At the dinner later under a big tent, guests were greeted on the way to their tables by a looped soundtrack playing “I’m Set Free” by Lou Reed, who was the subject of tribute for the night and the source of the event’s theme: “Fly into the Sun.” Laurie Anderson was there to celebrate her departed husband, and she took the stage hesitantly at the beginning of auction proceedings while attendees started working their way through dinner. “Are we still looking for money?” she asked at the very start.

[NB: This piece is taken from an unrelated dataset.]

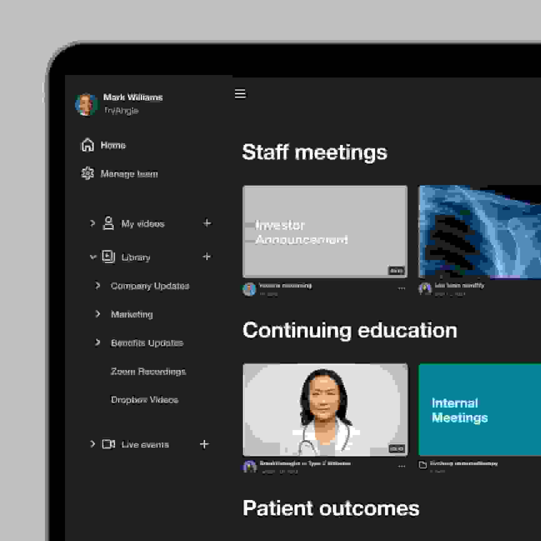 O Vimeo ajuda você a informar os pacientes, se conectar com sua equipe e promover sua organização, tudo seguindo as práticas recomendadas de privacidade e confidencialidade.

At one point, trying to drum up funds for more artist residencies, Robert Downey Jr. jumped up on the stage and implored guests to give. “I will demand one hand from each table,” he said, “or I’m going to start getting really nutty.” Some extra gifts of $5,000 came in before Wilson himself stepped up again and said, “Be a headlight for what is right.”
Between courses, Claude Grunitzky—the newly appointed president of the Byrd Hoffman Water Mill Foundation, which oversees the Watermill Center—said he was happy with what he had seen over the night. “I see more diversity and intergenerational discussion, which are important to me,” he said. “I want to bring more diversity. I get bothered by the segregation of the Hamptons, where the very wealthy elite live on one side and underserved communities on another. I want to bring more inclusion through education. It’s a mission that is more crucial than ever, and not just for those who can afford it.”
Raúl de Nieves, who was attending the benefit for his first time, said the experience made him feel tapped into a storied lineage—the Watermill Center was founded in 1992—that he had not known so extensively before. “My performance practice is about conjuring a good time with my friends,” he said, “and it’s amazing to be a part of something that has been cultivated for 25 years. There’s so much that can happen here.”